Personal information
- Born: January 18, 1985 (age 41) Bangor, Maine, U.S.
- Listed height: 6 ft 4 in (1.93 m)
- Listed weight: 258 lb (117 kg)

Career information
- High school: Penobscot Valley (Howland, Maine)
- College: Maine
- NFL draft: 2008: undrafted

Career history
- Miami Dolphins (2008)*; Tennessee Titans (2008–2009)*; New York Jets (2009–2011); St. Louis Rams (2012); Green Bay Packers (2013)*; New England Patriots (2013); Chicago Bears (2014); Arizona Cardinals (2014); Tennessee Titans (2014); Buffalo Bills (2015); Detroit Lions (2016);
- * Offseason and/or practice squad member only

Career NFL statistics
- Receptions: 18
- Receiving yards: 170
- Receiving touchdowns: 2
- Stats at Pro Football Reference

= Matthew Mulligan =

American football player (born 1985)

Matthew Ben Mulligan (born January 18, 1985) is an American former professional football player who was a tight end in the National Football League (NFL). He played college football for the Maine Black Bears. Mulligan was signed by the Miami Dolphins as an undrafted free agent in 2008. He was also a member of the Tennessee Titans, New York Jets, St. Louis Rams, Green Bay Packers, New England Patriots, Chicago Bears, Arizona Cardinals, Buffalo Bills, and Detroit Lions. He currently serves as a volunteer strength and conditioning coach for the Maine Black Bears.

==Early life==
Mulligan lived in Enfield, Maine and attended high school at Penobscot Valley High School in Howland, Maine. After high school, he enrolled at Husson University. Despite never playing the sport in high school, Mulligan joined Husson's football team as a tight end and thrived, transferring to the University of Maine the following season.

==Professional career==

===Miami Dolphins===
Mulligan was signed by the Miami Dolphins as an undrafted free agent in 2008. He was released from the Dolphins on August 30 during final cuts. However, the Dolphins re-signed him to the practice squad the following day. Mulligan remained on the practice squad until his release on November 5.
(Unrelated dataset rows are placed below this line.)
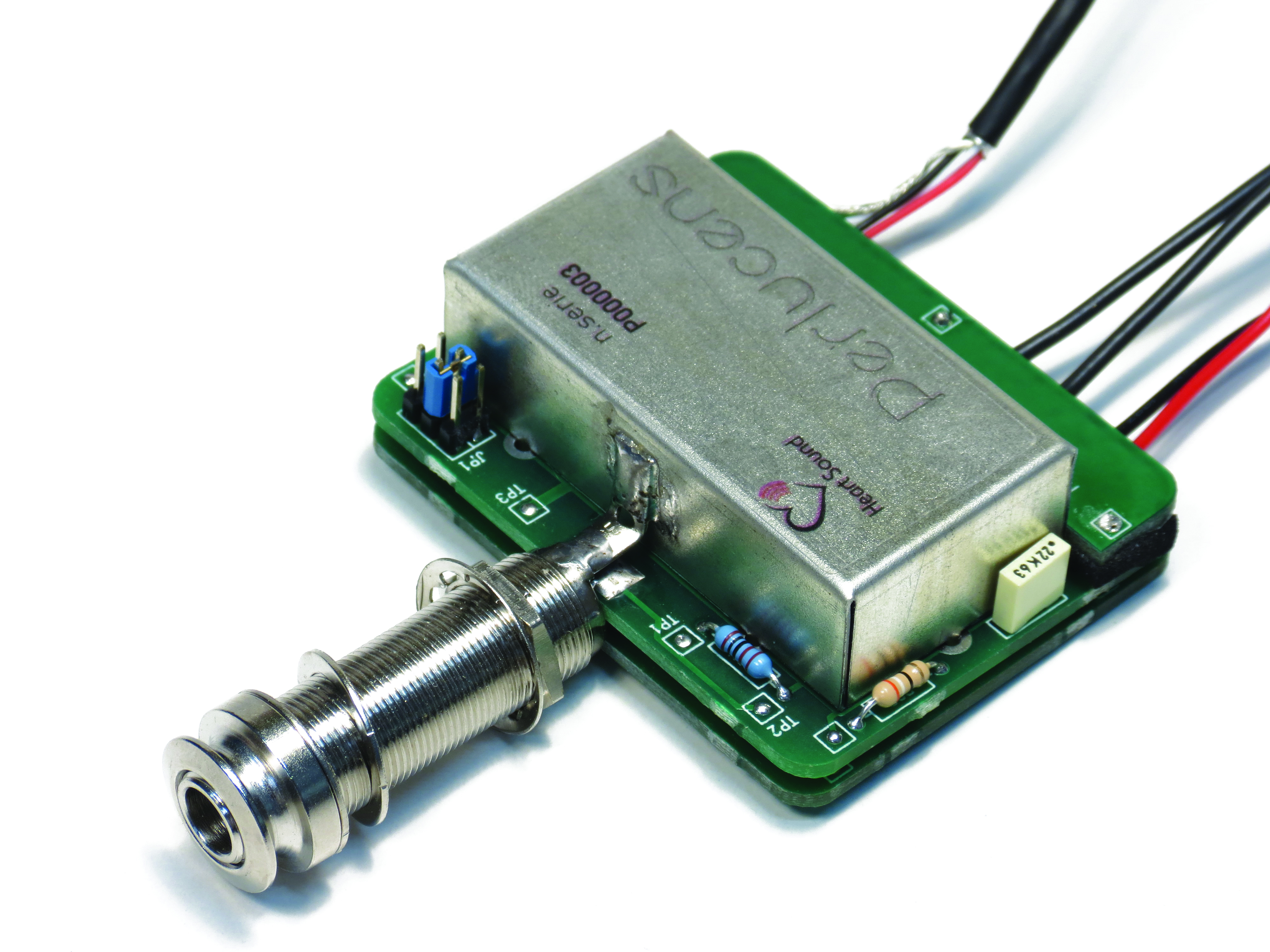 La presa a jack e lo chassis del preamplificatore sono assemblati assieme e trovano posto nella cassa armonica della chitarra, ancorandosi saldamente alla giuntura tra le fasce sfruttando il foro del bottone della tracolla.
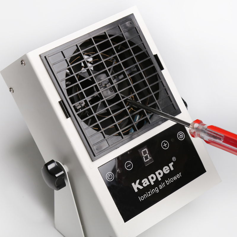 KP101B第5代智能型臺式離子風機可產生大量的帶有正負電荷的氣流,可以將物體上所帶的電荷中和掉。當物體表面所帶為負電荷,它會吸引氣流中的正電荷,當物體表面所帶為正電荷時,它會吸引氣流中的負電荷,從而使物體表面上的靜電被中和,達到消除靜電的目的。
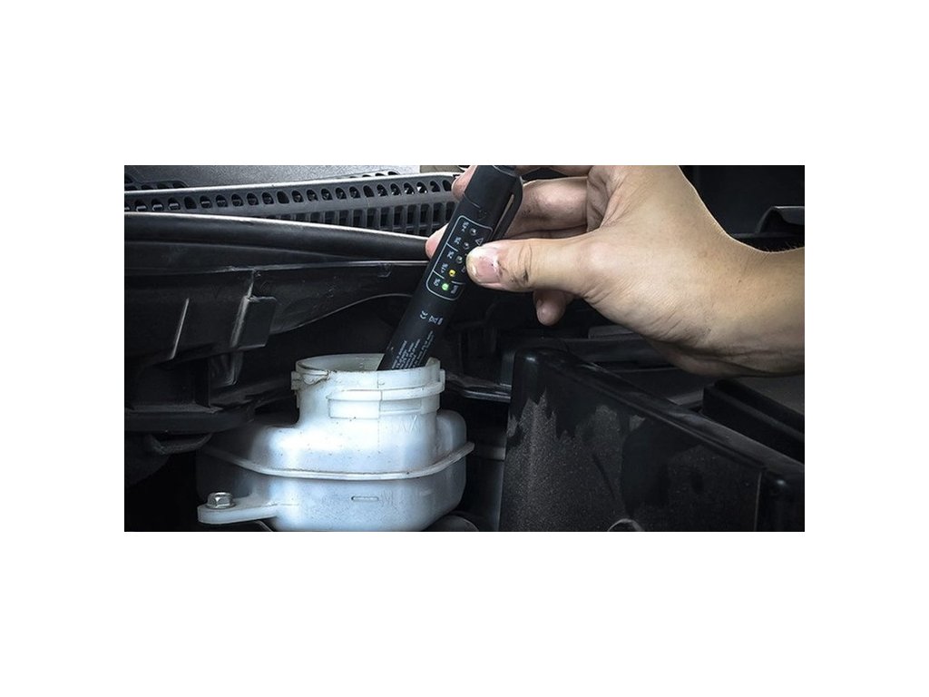 PŘESNÝ - princip činnosti testeru je založen na měření obsahu vody v brzdové kapalině. Stačí ponořit elektrody do kapaliny . Díky přesnému měření pomocí indikátorů v podobě 5 LED diod, můžete si být jisti, že získáte přesné měření hladiny vody v brzdové kapalině.

===Tennessee Titans (first stint)===
Mulligan was signed to the practice squad of the Tennessee Titans on November 19, 2008. Following the season, he was re-signed to a future contract on January 12. The Titans waived him on September 4.

===New York Jets===
Mulligan was claimed off waivers by the New York Jets on September 6, 2009. He was waived on September 23. He was re-signed to the practice squad on September 24. He was promoted to the active roster on December 2.

===St. Louis Rams===
The St. Louis Rams signed Mulligan on March 26, 2012. After one season with the team, Mulligan was released on March 23, 2013.

===Green Bay Packers===
Mulligan was signed by the Green Bay Packers on April 9, 2013. On August 31, 2013, he was released by the Packers during final team cuts.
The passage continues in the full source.